Despite the poor predictive value of variant fetal heart rate patterns, EFM does provide us with the ability to establish fetal well-being. A fetal heart rate pattern with normal rate, moderate variability, presence of accelerations, and absence of periodic decelerations correlates highly with absence of fetal acidemia.[38,39]

In the term fetus, the presence of accelerations of 15 beats per minute lasting 15 seconds or more is an excellent indicator of the absence of acidemia.[40] This is true whether the accelerations are spontaneous or induced through scalp stimulation or vibroacoustic stimulation. It must be kept in mind, however, that approximately 50% of fetuses without accelerations after stimulation will have a fetal scalp pH of >7.20.[41]

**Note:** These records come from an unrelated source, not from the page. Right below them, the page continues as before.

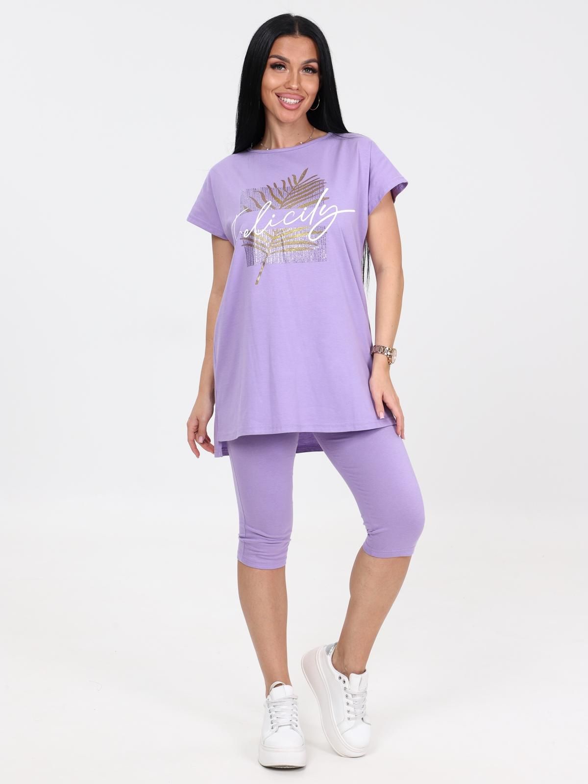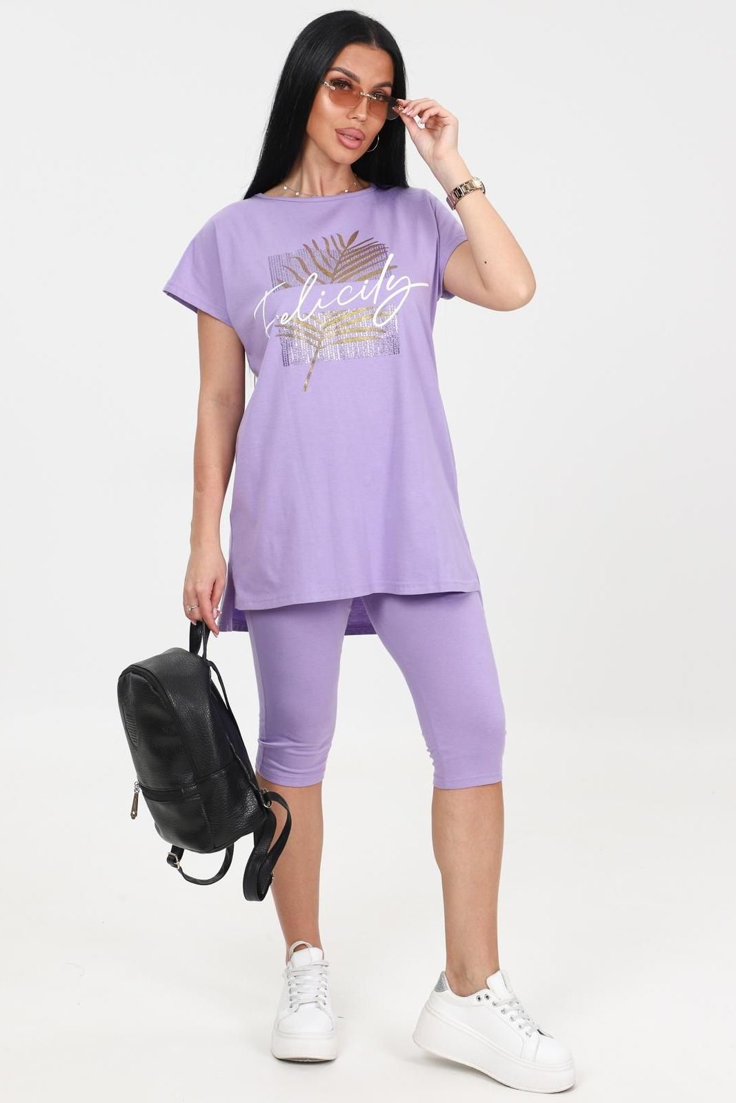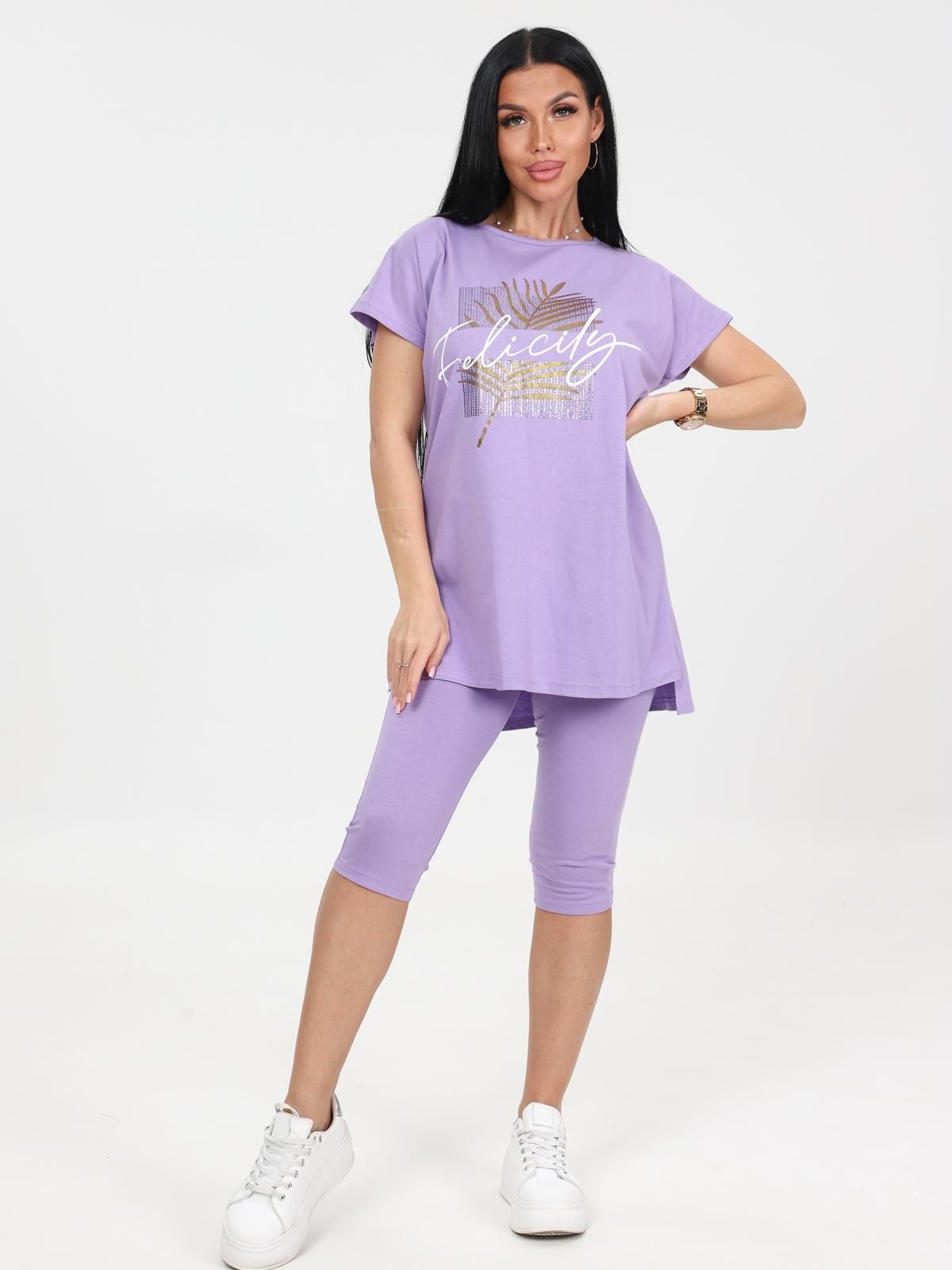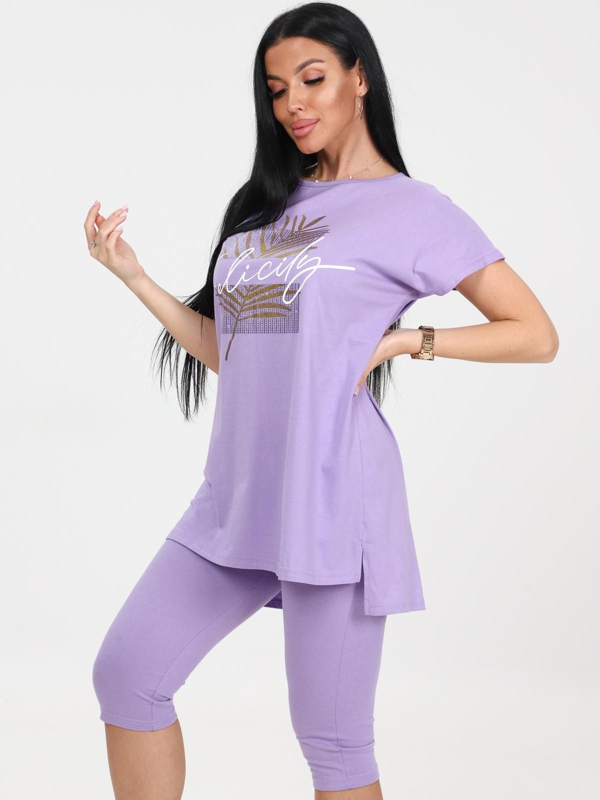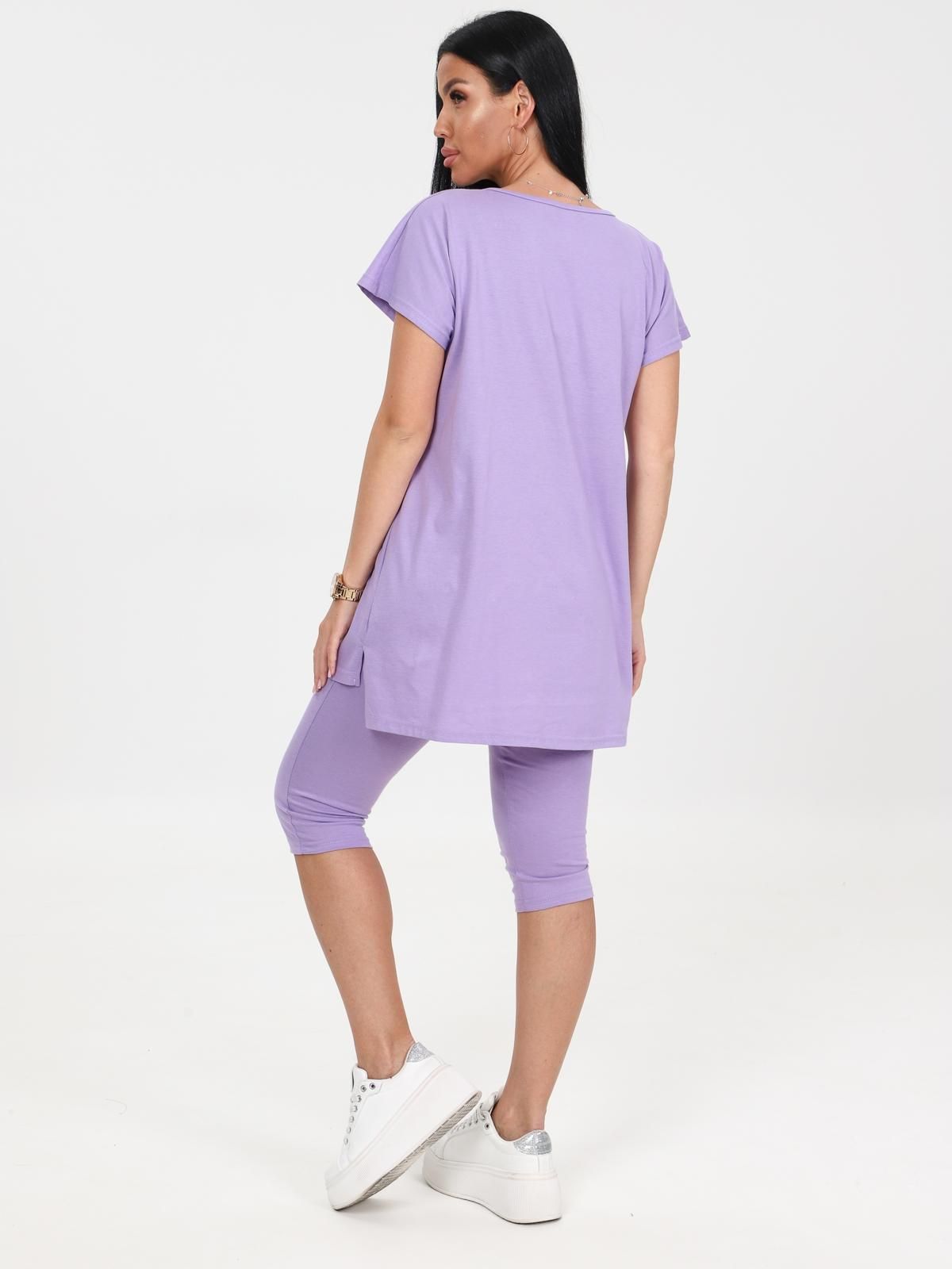 Костюм трикотажный сиреневый с бриджами от бренда Iv-capriz. Футболка с круглым вырезом горловины, короткие рукава. Бриджи с поясом на резинке. Идеальный вариант для домашних дел.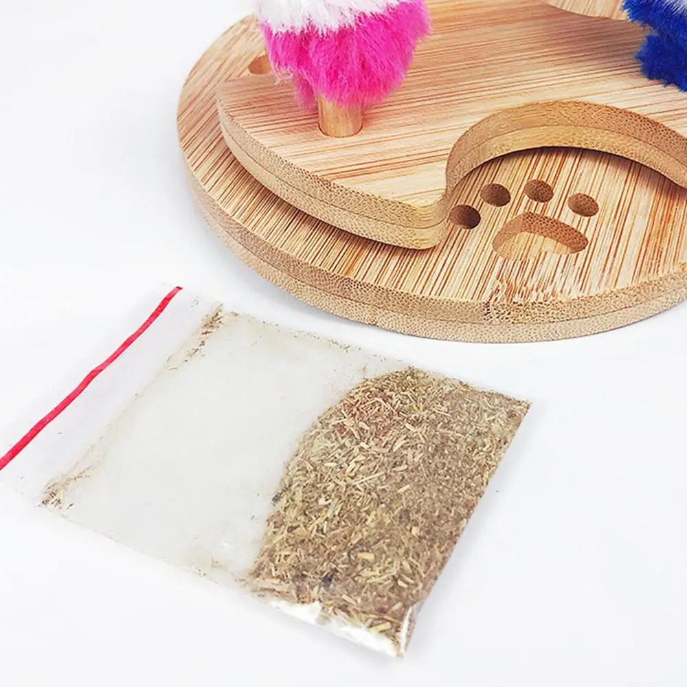4. Materiales respetuosos con el medio ambiente: fabricado con madera resistente y con materiales ecológicos, este juguete carrusel para gatos proporciona entretenimiento duradero para su mascota.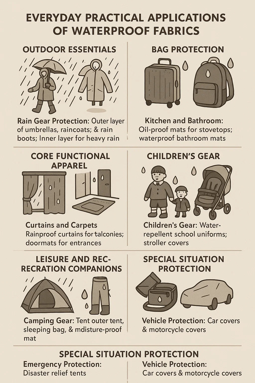 Equipamentos Infantis: Uniformes escolares hidrorrepelentes; capas para carrinhos; proteja as crianças da chuva repentina e mantenha-as aquecidas.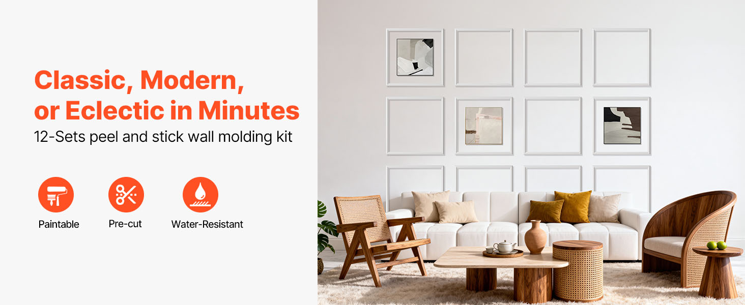 Proměňte svůj pokoj během okamžiku. Elegantní linie vytvářejí jemné kontury, které dodají vašemu prostoru elegantní vzhled, aniž byste museli najímat stavební firmu, starat se o nepořádek nebo trávit týdny renovací. Tato sada nástěnných lišt vám pomůže dosáhnout ohromujících výsledků bez námahy.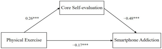 The regression analysis results in Figure 2 (*** p < 0.001) reveal that physical exercise has a significant positive prediction effect on core self-evaluation (β = 0.26, t = 6.32, p < 0.001) and core self-evaluation has significant negative prediction effect on smartphone addiction (β = −0.48, t = −13.90, p < 0.001). Physical exercise is shown to have a significant negative prediction effect on smartphone addiction among college students after adding core self-evaluation as a mediator variable (β = −0.17, t = −4.52, p < 0.001).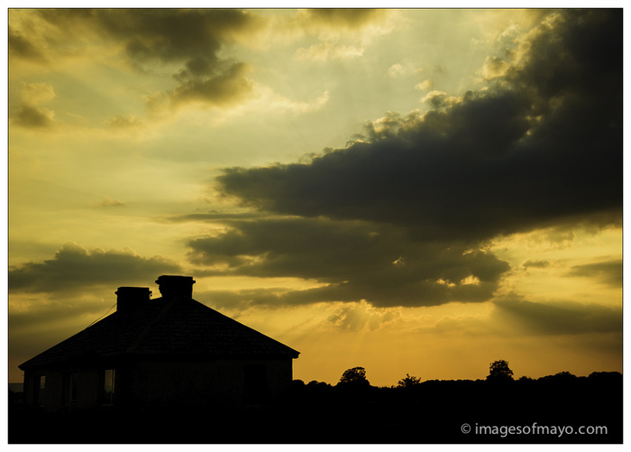 In the afternoon I was photographing Old farm buildings in the Holymount area. As I headed for home , there was a fantastic sky, but it needed something in the foreground to make a picture I passed this deserted cottage , and thought "that'll do!"

Fetal scalp blood sampling is another method that has been used during labor to identify fetuses with acidemia, but this technique is technically difficult and invasive, and it requires personnel and equipment not available in many birth settings. Because it only determines the presence or absence of fetal acidemia at one moment in time, it is not useful in subsequent clinical management beyond a short period of time. Fetal scalp sampling is, therefore, becoming less common as a method to evaluate fetal oxygenation in labor.

In 2000, the Food and Drug Administration approved the marketing of a fetal oxygen saturation-monitoring system. This system has an optical sensor that is applied to the fetal cheek and connected to a fetal cardiac monitor. Proponents of pulse oximetry argue that it can be used to reduce the false-positive rate of nonreassuring fetal heart tracing and, therefore, reduce the rate of operative and instrumental interventions.[42] ACOG, citing concerns about increasing medical costs without demonstrated improvement in outcomes, currently does not recommend the use of fetal pulse oximetry.[43] This monitoring modality, they argue, is not currently more effective than other monitoring and, thus, represents an unnecessary expense. Further studies on fetal pulse oximetry are underway, and it is possible that in the future, this testing modality may be used as an adjunct to EFM and fetal scalp or vibroacoustic stimulation in the assessment of fetal well-being in labor.